Джеральд верхом на серебристом жеребце, с петухом под мышкой направился к древней, обросшей мхом Гробнице короля Петра Строителя. С интересом, естественным для всякого знатока магии, Джеральд отметил посвятительное древо, которое росло у могилы. Он еще раз задумчиво присвистнул. Затем он направил своего коня к искусно покрытому резьбой и росписью стволу, стоявшему в вечной эрекции у дверей гробницы, и вошел внутрь.
Внутри просторная гробница освещалась девятнадцатью железными фонарями, свисавшими с потолка. Джеральд сразу же увидел большое четырехугольное зеркало, завешенное покрывалом телесного цвета. Перед ним дымилась жаровня, а рядом с ней стояла женщина. Слева от нее располагалось широкое ложе, а справа – позолоченное корыто, наполненное фиговыми листьями. Эти листья женщина разминала и рвала на мелкие кусочки один за другим, а затем бросала в жаровню.
Она услышала вежливое покашливание Джеральда и обернулась. И Джеральд был восхищен.
Ибо Эвайна из Гробницы Петра была так хороша собой, что превосходила красотой всех женщин, которых ему приходилось видеть. Цвета обоих глаз прекрасной молодой девушки замечательно сочетались, а ее нос располагался точно между ними. Под этим находился ее рот, и еще у нее была пара ушей. Девушка была молода, у нее не было никаких уродств, и влюбленный взгляд молодого человека не мог обнаружить в ней никакого недостатка. Впрочем, она странным образом напоминала ему кого-то, кого он знал раньше, но природная сообразительность Джеральда вскоре помогла ему отгадать загадку. Эта женщина напоминала ему Эвелин Таунсенд.
Но это было еще не все. Теперь он видел, что эта женщина была, как он и подозревал, Духом Лисицы, ибо от Эвайны из Гробницы Петра исходила ее магическая сила – сила, которая повелевает всеми животными. С легким весельем от заметил, что ее атаки действительно весьма интересны.

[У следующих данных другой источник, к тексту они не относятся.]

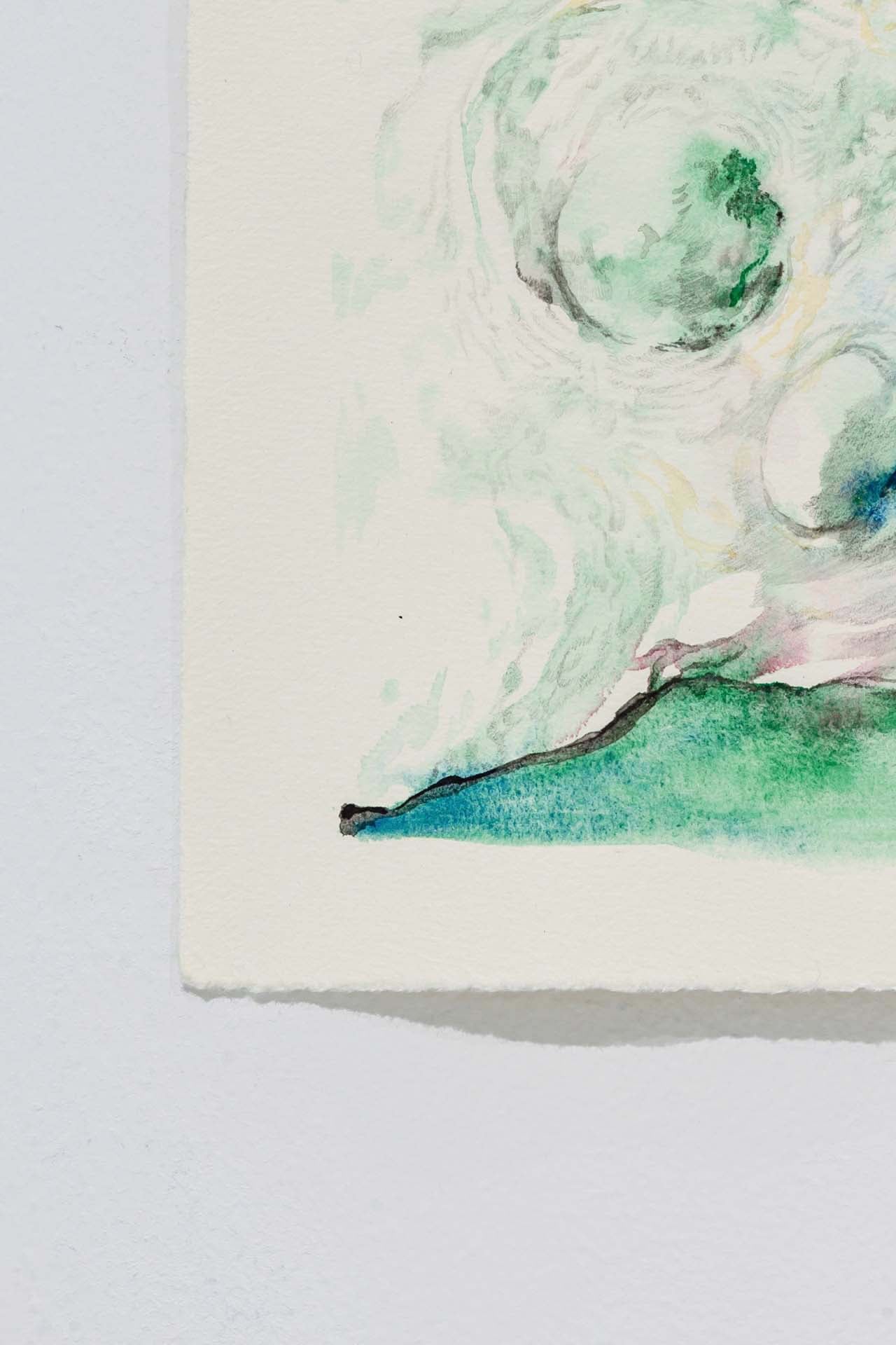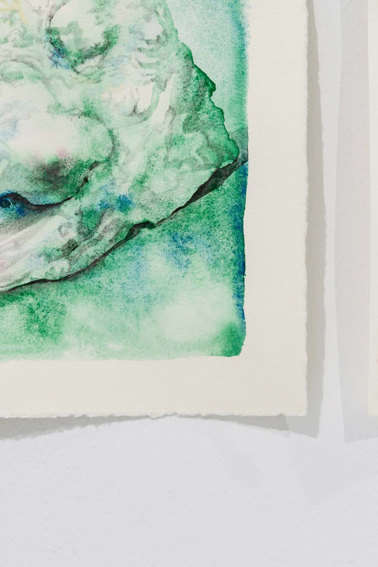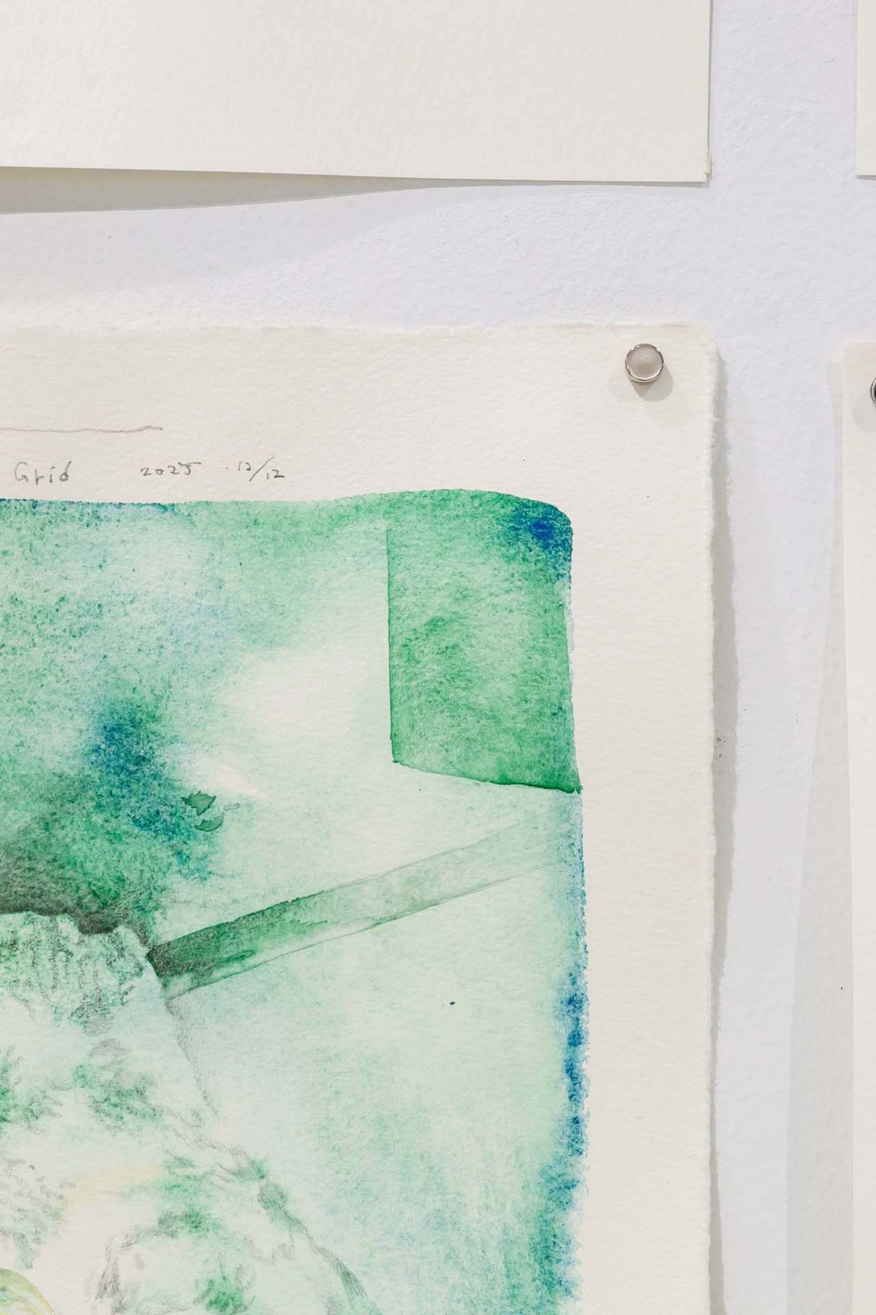 安藤圭汰の作品は、身体と風景が溶け合うようなイメージを通して、生と死の境界が揺らぐ瞬間を描くことを特徴としている。本展《灼熱と腐敗/凍寒と発芽》では、化石標本のような鳥や、山脈や血管を思わせる線描を用い、成長と腐敗、凍結と保存といった異なる生命の時間を重ね合わせる。そうした表現から、生と死のどちらにも偏らない「中庸」の感覚を浮かび上がらせるとともに、新作と同時代作家の作品を併置する構成によって、絵画を他者との関係のなかで変化し続ける表現として提示している。
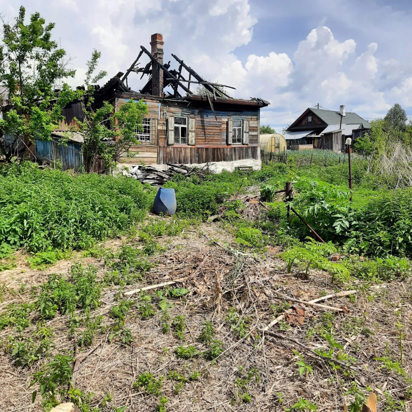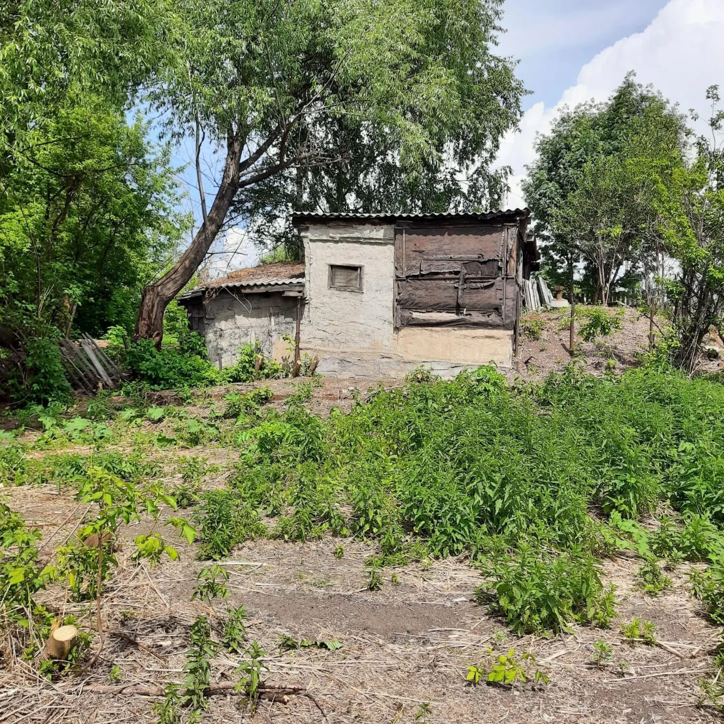 На территории зем.участка находятся постройки : дом ( требуется восстановить крышу), баня, сарай, углярка.

– Ведь это же животная магия, – размышлял он. – Это грубая, примитивная магия ведьм, которая сводит с ума людей и других животных в период спаривания, лишая их самоконтроля. Эта магия почти убеждает меня в том, что я – сгусток клеточного вещества, который вскоре станет удобрением. Да, моя жизнь в этот самый момент тоже кажется всего лишь незавидным кратким периодом неутоленных желаний и несбывшихся надежд, как жизнь простого смертного. Я тоже кажусь простым человеком, идущим из ниоткуда в никуда. Под воздействием этой низкой магии плоти я снова испытываю то продолжительное тайное одиночество, которые люди в Личфилде, как и повсюду, называют жизнью. Как я хотел бы забыть о бренности и тленности моей жизни. Мне приходит в голову безумная мысль, что обрести такое забвение можно, если привести облегающую меня кожу в поверхностный контакт с аналогичной животной материей, в которой прячется этот Дух Лисицы... Да, я как будто одурманен желанием; я очень быстро становлюсь добычей неодолимого, так сказать, очарования этой Лисицы. И я нахожу небезынтересным наблюдать, как эта примитивная магия, которая погубила такое множество людей, ныне нечестиво выходит за пределы своих полномочий, посягая на божество, и как это неразумное волшебство пытается обмануть даже меня, Спасителя и бога Солнца.
Такие мысли мелькали в голове у Джеральда, пока он громко произносил: «Добрый вечер, мадам!»
Эвайна Лисица, не отвечая ему прямо, вынула из-за пазухи белую жемчужину размером с апельсин. Она подбросила ее в воздух и снова поймала. Джеральд догадался, что это была ее душа, но воздержался от комментариев.
Он протянул ей птицу и сказал, как полагается: «Покорнейше прошу вас принять моего петуха».
– Но как это вы назвали, – спросила ученая Эвайна, – этого прирученного потомка дикой курицы Банкива, ареал обитания которого находится в Северной Индии, от Синда до Бирмы, в Китае, и на многих островах Малайского архипелага вплоть до Тимора, а также на Филиппинах?
– Ну, в Соединенных Штатах Америки, мадам, мы для краткости и по множеству других причин называем эту птицу петухом.